• TASK TO COMPLETE
An exact transcription of all the records is required, minus the images.

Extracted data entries
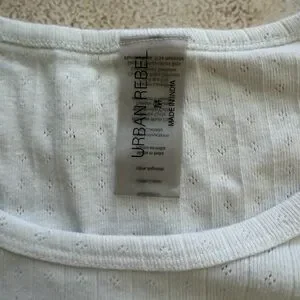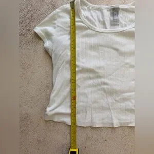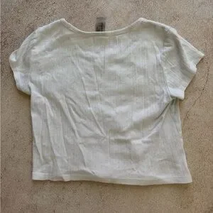 Lightweight white scoop neck tee with short sleeves. Soft, breathable knit for everyday comfort. Subtle textured stripe detail adds understated style. Easy-to-style wardrobe staple for versatile looks.
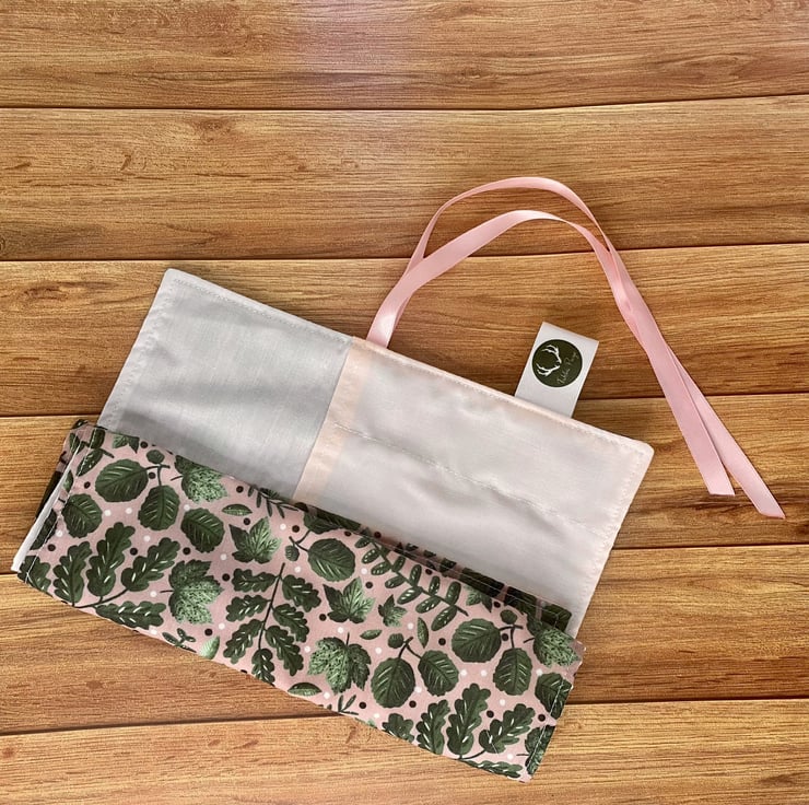 Our wraps are designed to hold a number of items and be neatly rolled and secured with a ribbon to keep your brushes contained. The brush roll is machine-washable, so don't be afraid of putting those bronzed brushes in there, to ensure the brushes keep their shape and do not pick up unnecessary bacteria rolling around in the bottom of a bag! The wraps have a cute patterned backing, with complimentary-coloured linings to form the pockets on the inside.
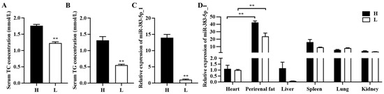 miR-383-5p_1 is associated with adipose development. (A,B) TG and TC content in light (L) and heavy (H) rabbits. (C) The expression of miR-383-5p_1 in perirenal adipose tissue of light and heavy rabbits. (D) Expression of miR-383-5p_1 in light and heavy rabbit tissues. Data are expressed as means ± SEM. ** p < 0.01.
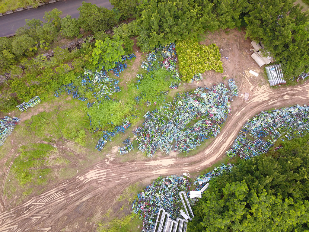 從高空俯瞰,安托山山頂?shù)墓蚕韱诬?chē)堆積無(wú)序、且周?chē)s草叢生,猶如一片共享單車(chē)“墳場(chǎng)”
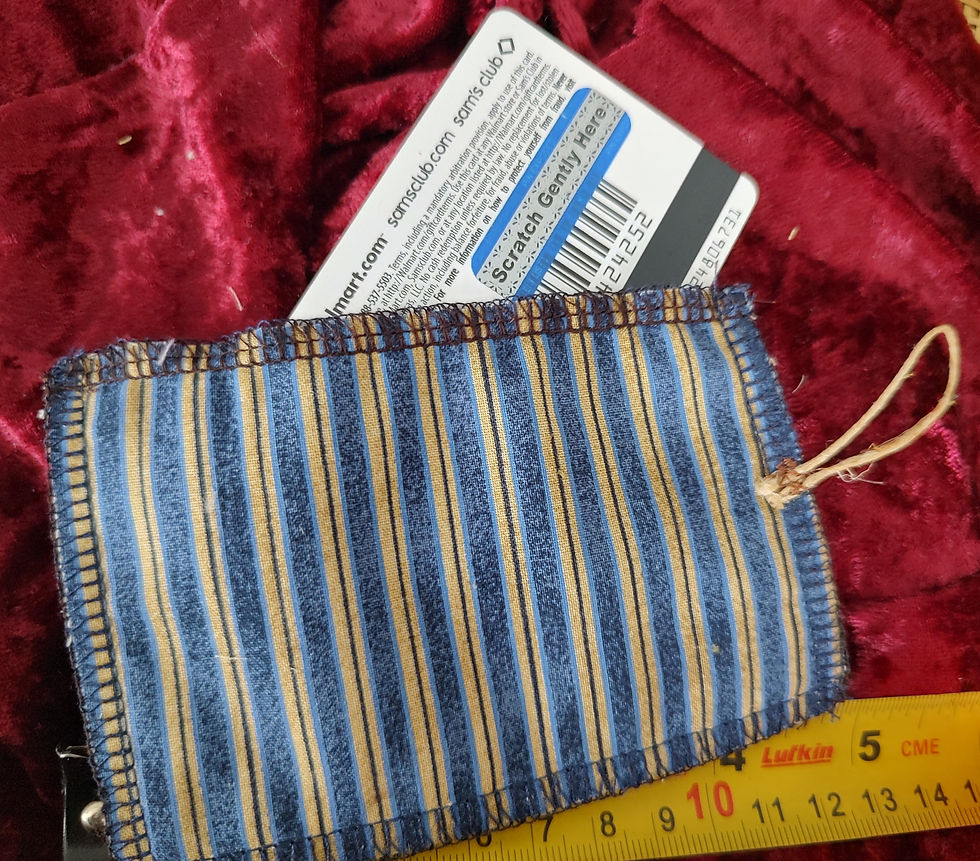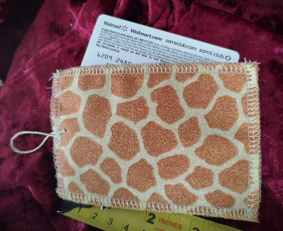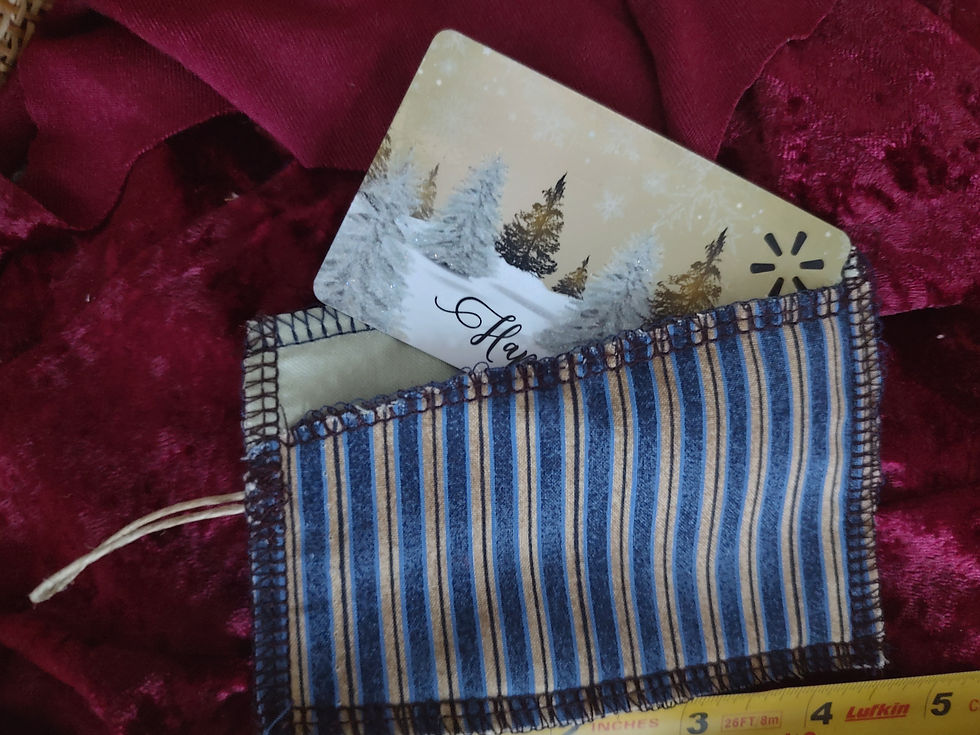 Gift Card Holder can be given as part of the gift. Lined, durable, reusable, stylish, personalized styles. Loop is for hanging on tree or attaching to the gift. Soft fabrics used so that it can hold the gift card or cash hidden in your sock or in a pocket or even tucked into your bra for privately holding your money while shopping and busy hands. Hide cash in a book or glove compartment in these cleverly designed sock wallets. Create themes for each family member, plaid for Dad, flowers for Mom, etc. Only $5 each and a pretty clever, new tradition for any gift occasion. 4"x3".
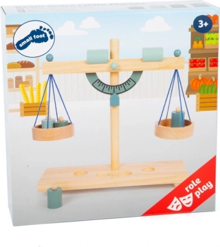 Apkalpojot “klientus”, bērni mācās saziņu, sadarbību un godīgus darījumus. Pateicoties kvalitatīvam kokam ar dabisku izskatu un patīkamām pelēkzilām nokrāsām, svari ir ne tikai izturīgi, bet arī estētiski pievilcīgi un droši bērnu rokām.
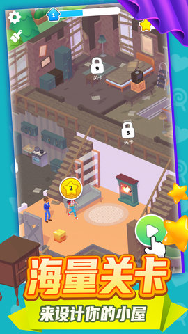 2、整理大师很多关卡等着你去体验,你会在房子里遇到很多问题,赶紧修复升级吧。
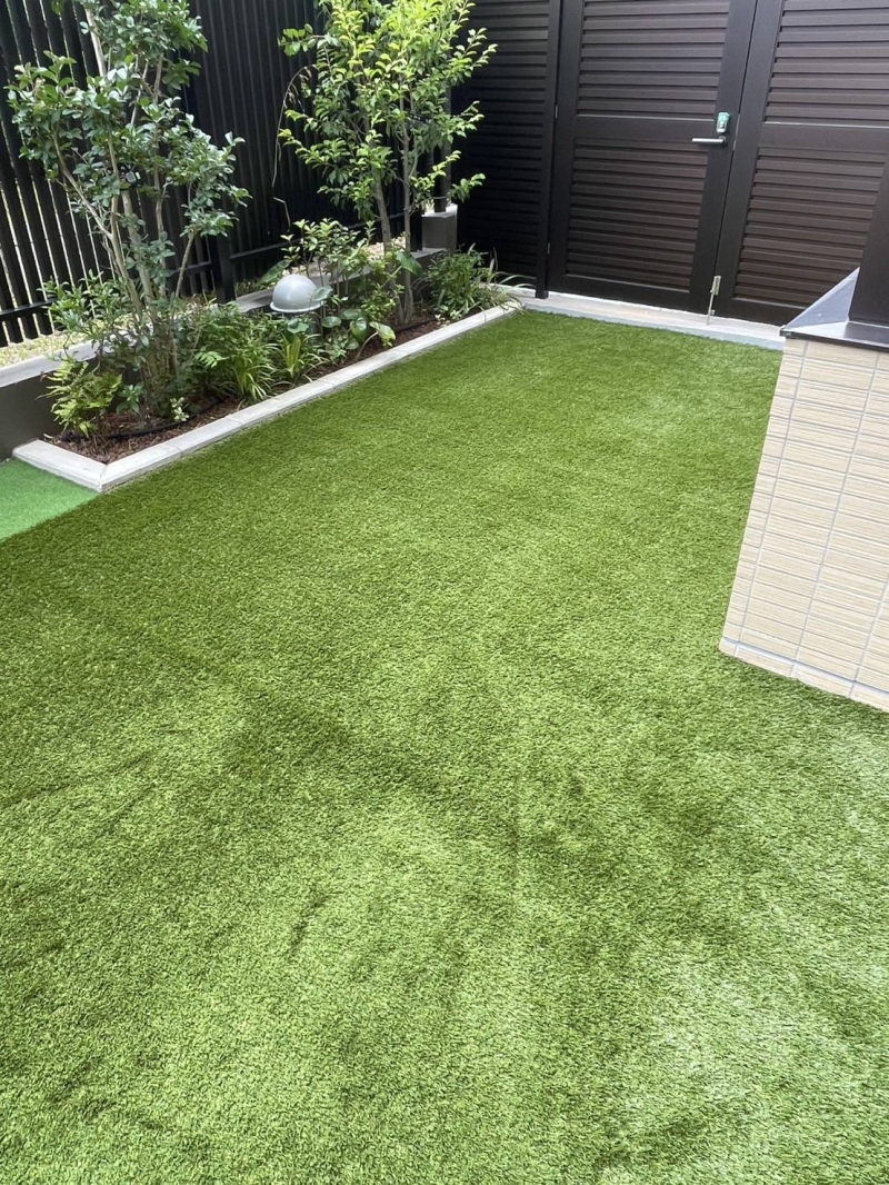 昨日、練馬区でマンションのお庭で人工芝工事を行いました お庭25.6平米のお庭を30㎜人工芝にしてきました^^ 内一部をパター芝工事も併せて工事しました♩ 元々あります植栽スペースが素敵なのもありますが 天然芝が人工芝に変わり、より緑が映えてきれいになりましたね☆
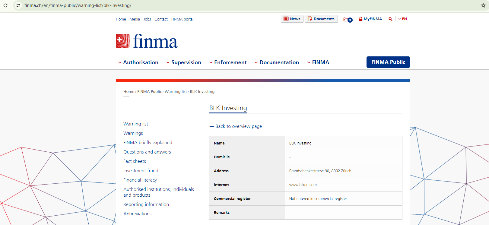 On March 27, 2024, the Swiss Financial Market Supervisory Authority (FINMA) issued a warning against BLK Investing, stating that this broker is not entered in its commercial register. https://www.finma.ch/en/finma-public/warning-list/blk-investing/
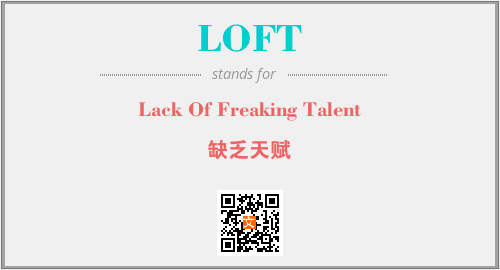 以上为Lack Of Freaking Talent英文缩略词LOFT的中文解释,以及该英文缩写在英语的流行度、分类和应用领域方面的信息。
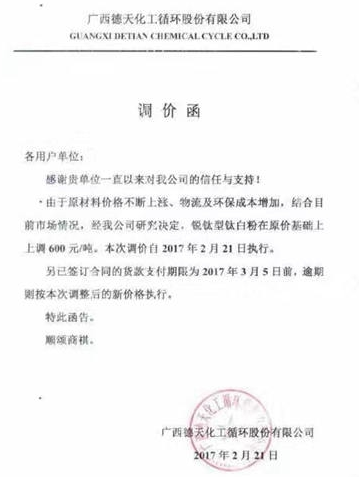 广西德天化工循环股份有限公司决定在2017年2月21日因材料价格上涨影响,锐钛型钛白粉在原价格基础上上调600元/吨。
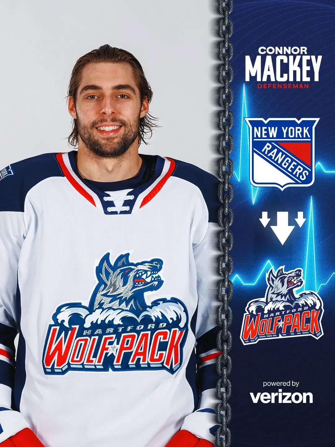 HARTFORD, CT – New York Rangers President and General Manager Chris Drury announced today that the club has assigned defenseman Connor Mackey to the AHL’s Hartford Wolf Pack.
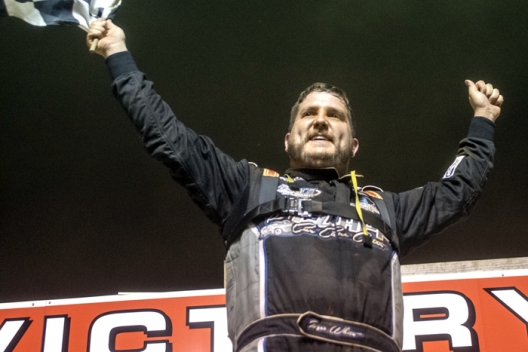 Ross White celebrates in victory lane at Volunteer Speedway.
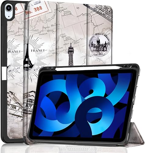 ProElite Pencil Case for iPad Air 5th/4th 10.9 Inch [Auto Sleep/Wake Cover] [Pencil Holder] [Soft Flexible Case] Recoil Series - Eiffel
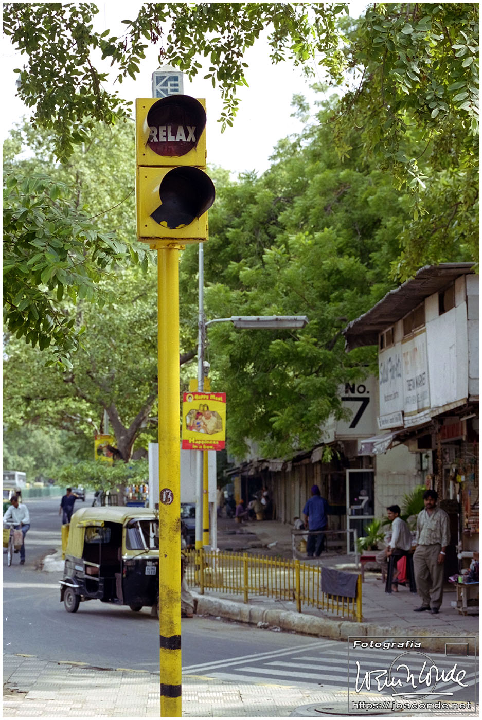 Estuvimos buscando comida europea, pero hasta las hamburguesas y pizzas picaban. Compramos algunos recuerdos en la Connaught Place y paseamos. En un cine ponían «Solo es un sueño» y los mercadillos estaban a medio gas. Me fijé que no existía el color rojo en los semáforos… solo un tímido «relax»; me dijeron que cuando se encendía, debías levantar algo el pie del acelerador, no tocar el claxon y decir «om» (ॐ). Volvimos al hotel y apreciamos que Delhi era realmente una ciudad verde.
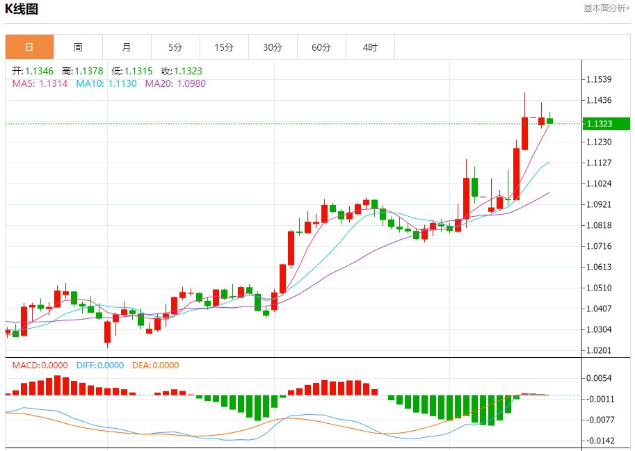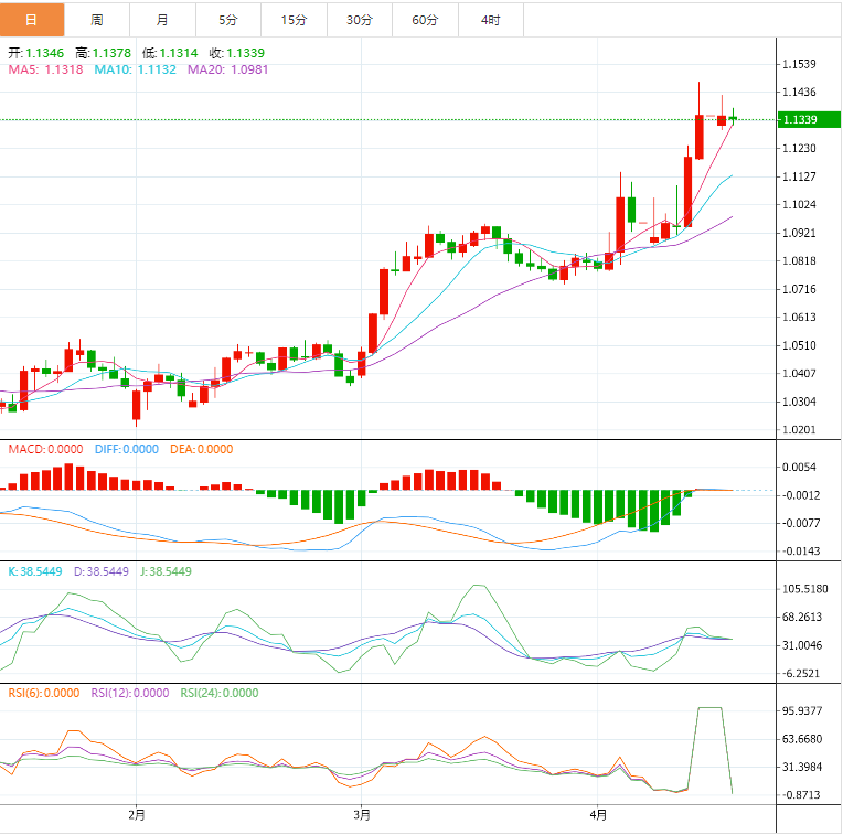 周三(4月16日),外汇市场上美元兑欧元的走势备受瞩目。当日欧元兑美元汇率开盘报1.1280,截至发稿前,欧元兑美元报1.1391,涨幅0.96%,盘中最高价1.1392,最低价1.1280。这一波动背后,蕴含着复杂的市场因素,投资者急需清晰的操作策略指引。 货币兑:欧元/美元 一、行情分析 (一)美元指数波动与欧元
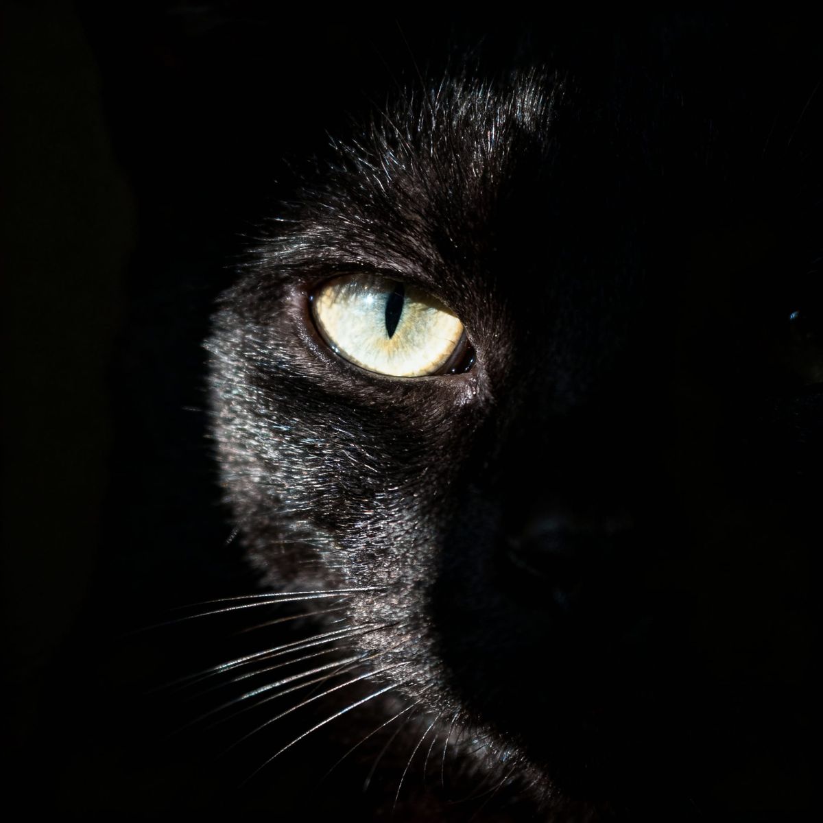 This image shows a dramatic close-up of a black cat's face, half-lit by a single spotlight. Features cinematic lighting and ultra-realistic detail.
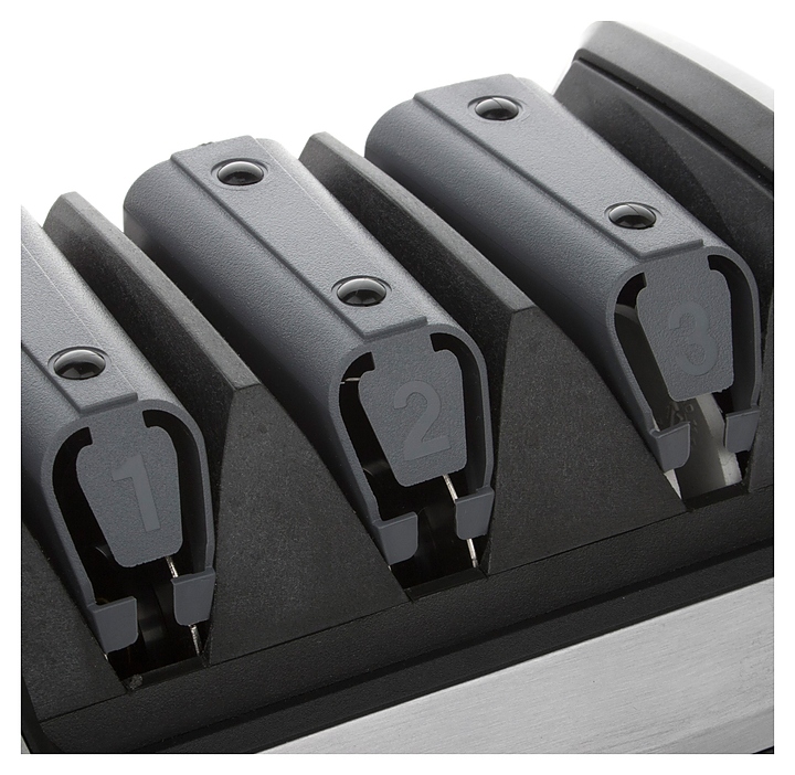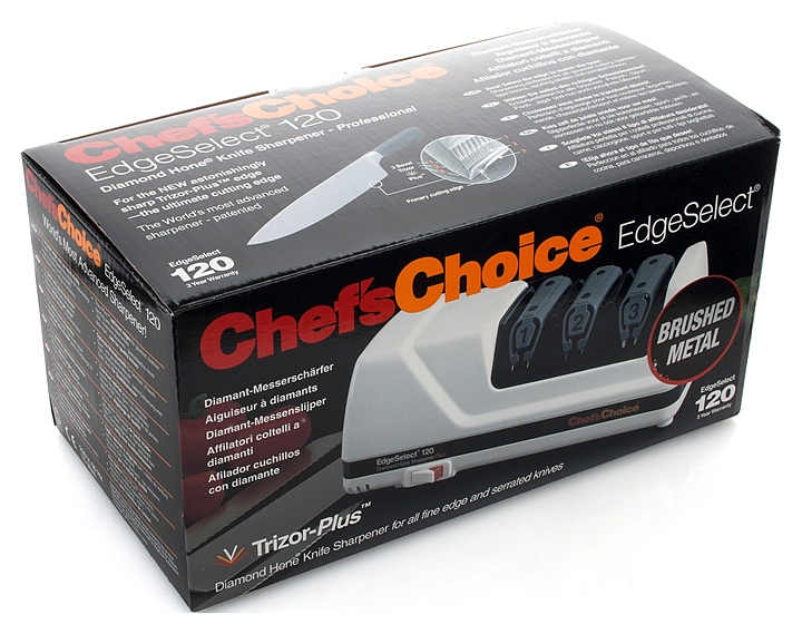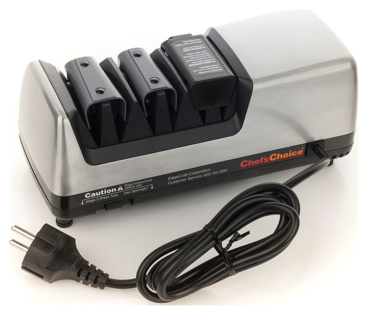 Электрическая точилка Chefs Choice CC120M предназначена для заточки ножей на предприятиях общественного питания и торговли, в частных домах и квартирах. Устройство работает с клинками, имеющими прямую и серрейторную режущую кромку. Направляющие и ножки выполнены из эластомера. Особенности:

• EXERCISE ANSWER
 Lightweight white scoop neck tee with short sleeves. Soft, breathable knit for everyday comfort. Subtle textured stripe detail adds understated style. Easy-to-style wardrobe staple for versatile looks.
 Our wraps are designed to hold a number of items and be neatly rolled and secured with a ribbon to keep your brushes contained. The brush roll is machine-washable, so don't be afraid of putting those bronzed brushes in there, to ensure the brushes keep their shape and do not pick up unnecessary bacteria rolling around in the bottom of a bag! The wraps have a cute patterned backing, with complimentary-coloured linings to form the pockets on the inside.
 miR-383-5p_1 is associated with adipose development. (A,B) TG and TC content in light (L) and heavy (H) rabbits. (C) The expression of miR-383-5p_1 in perirenal adipose tissue of light and heavy rabbits. (D) Expression of miR-383-5p_1 in light and heavy rabbit tissues. Data are expressed as means ± SEM. ** p < 0.01.
 從高空俯瞰,安托山山頂?shù)墓蚕韱诬?chē)堆積無(wú)序、且周?chē)s草叢生,猶如一片共享單車(chē)“墳場(chǎng)”
 Gift Card Holder can be given as part of the gift. Lined, durable, reusable, stylish, personalized styles. Loop is for hanging on tree or attaching to the gift. Soft fabrics used so that it can hold the gift card or cash hidden in your sock or in a pocket or even tucked into your bra for privately holding your money while shopping and busy hands. Hide cash in a book or glove compartment in these cleverly designed sock wallets. Create themes for each family member, plaid for Dad, flowers for Mom, etc. Only $5 each and a pretty clever, new tradition for any gift occasion. 4"x3".
 Apkalpojot “klientus”, bērni mācās saziņu, sadarbību un godīgus darījumus. Pateicoties kvalitatīvam kokam ar dabisku izskatu un patīkamām pelēkzilām nokrāsām, svari ir ne tikai izturīgi, bet arī estētiski pievilcīgi un droši bērnu rokām.
 2、整理大师很多关卡等着你去体验,你会在房子里遇到很多问题,赶紧修复升级吧。
 昨日、練馬区でマンションのお庭で人工芝工事を行いました お庭25.6平米のお庭を30㎜人工芝にしてきました^^ 内一部をパター芝工事も併せて工事しました♩ 元々あります植栽スペースが素敵なのもありますが 天然芝が人工芝に変わり、より緑が映えてきれいになりましたね☆
 On March 27, 2024, the Swiss Financial Market Supervisory Authority (FINMA) issued a warning against BLK Investing, stating that this broker is not entered in its commercial register. https://www.finma.ch/en/finma-public/warning-list/blk-investing/
 以上为Lack Of Freaking Talent英文缩略词LOFT的中文解释,以及该英文缩写在英语的流行度、分类和应用领域方面的信息。
 广西德天化工循环股份有限公司决定在2017年2月21日因材料价格上涨影响,锐钛型钛白粉在原价格基础上上调600元/吨。
 HARTFORD, CT – New York Rangers President and General Manager Chris Drury announced today that the club has assigned defenseman Connor Mackey to the AHL’s Hartford Wolf Pack.
 Ross White celebrates in victory lane at Volunteer Speedway.
 ProElite Pencil Case for iPad Air 5th/4th 10.9 Inch [Auto Sleep/Wake Cover] [Pencil Holder] [Soft Flexible Case] Recoil Series - Eiffel
 Estuvimos buscando comida europea, pero hasta las hamburguesas y pizzas picaban. Compramos algunos recuerdos en la Connaught Place y paseamos. En un cine ponían «Solo es un sueño» y los mercadillos estaban a medio gas. Me fijé que no existía el color rojo en los semáforos… solo un tímido «relax»; me dijeron que cuando se encendía, debías levantar algo el pie del acelerador, no tocar el claxon y decir «om» (ॐ). Volvimos al hotel y apreciamos que Delhi era realmente una ciudad verde.
 周三(4月16日),外汇市场上美元兑欧元的走势备受瞩目。当日欧元兑美元汇率开盘报1.1280,截至发稿前,欧元兑美元报1.1391,涨幅0.96%,盘中最高价1.1392,最低价1.1280。这一波动背后,蕴含着复杂的市场因素,投资者急需清晰的操作策略指引。 货币兑:欧元/美元 一、行情分析 (一)美元指数波动与欧元
 This image shows a dramatic close-up of a black cat's face, half-lit by a single spotlight. Features cinematic lighting and ultra-realistic detail.
 Электрическая точилка Chefs Choice CC120M предназначена для заточки ножей на предприятиях общественного питания и торговли, в частных домах и квартирах. Устройство работает с клинками, имеющими прямую и серрейторную режущую кромку. Направляющие и ножки выполнены из эластомера. Особенности:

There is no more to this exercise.